И тут же чья-то имеющая власть рука сдернула с него телогрейку и одеяло. Шухов скинул бушлат с лица, приподнялся. Под ним, равняясь головой с верхней нарой вагонки, стоял худой Татарин.
Значит, дежурил не в очередь он и прокрался тихо.
– Ще – восемьсот пятьдесят четыре! – прочел Татарин с белой латки на спине черного бушлата. – Трое суток кондея с выводом!
И едва только раздался его особый сдавленный голос, как во всем полутемном бараке, где лампочка горела не каждая, где на полусотне клопяных вагонок спало двести человек, сразу заворочались и стали поспешно одеваться все, кто еще не встал.
– За что, гражданин начальник? – придавая своему голосу больше жалости, чем испытывал, спросил Шухов.
С выводом на работу – это еще полкарцера, и горячее дадут, и задумываться некогда. Полный карцер – это когда без вывода.
– По подъему не встал? Пошли в комендатуру, – пояснил Татарин лениво, потому что и ему, и Шухову, и всем было понятно, за что кондей.
На безволосом мятом лице Татарина ничего не выражалось. Он обернулся, ища второго кого бы, но все уже, кто в полутьме, кто под лампочкой, на первом этаже вагонок и на втором, проталкивали ноги в черные ватные брюки с номерами на левом колене или, уже одетые, запахивались и спешили к выходу -переждать Татарина на дворе.

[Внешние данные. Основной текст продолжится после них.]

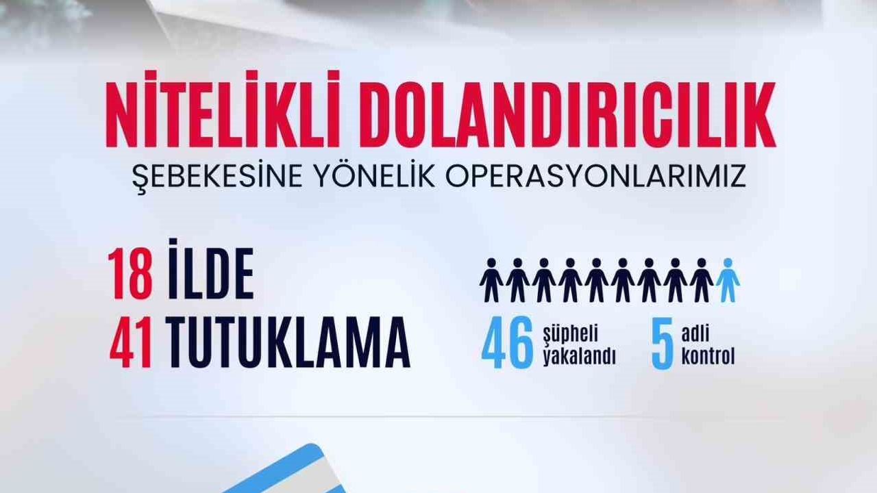 İçişleri Bakanı Yerlikaya sosyal medya hesabından yaptığı paylaşımda, Tekirdağ merkezli 18 ilde ‘Nitelikli Dolandırıcılık Şebekesine’ yönelik düzenlenen operasyonlarda; 46 şüphelinin yakaladığını 41’inin ise tutuklandığını belirterek, şu ifadelere yer verdi:
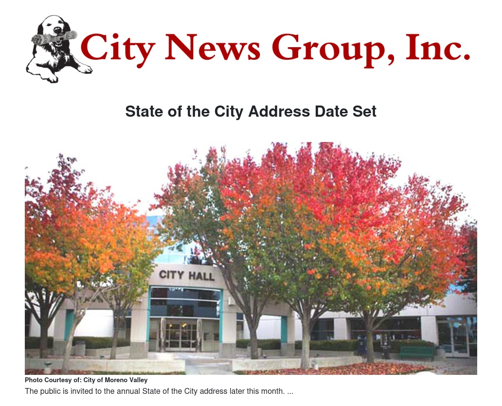The event is hosted jointly by the Moreno Valley Chamber of Commerce and the City of Moreno Valley. According to a written release, Mayor Owings during the program will discuss various city efforts, including the following points: the City’s effort to balance the budget without the use of reserves; efforts to stimulate the city’s economy; challenge the status quo in animal shelter adoptions, community participation, school graduation rates and student performance; and enhance City Hall’s professional leadership while maintaining the continuity of government services to Moreno Valley residents and businesses.

Если б Шухову дали карцер за что другое, где б он заслужил – не так бы было обидно. То и обидно было, что всегда он вставал из первых. Но отпроситься у Татарина было нельзя, он знал. И, продолжая отпрашиваться просто для порядка, Шухов, как был в ватных брюках, не снятых на ночь (повыше левого колена их тоже был пришит затасканный, погрязневший лоскут, и на нем выведен черной, уже поблекшей краской номер Щ-854), надел телогрейку (на ней таких номера было два – на груди один и один на спине), выбрал свои валенки из кучи на полу, шапку надел (с таким же лоскутом и номером спереди) и вышел вслед за Татарином.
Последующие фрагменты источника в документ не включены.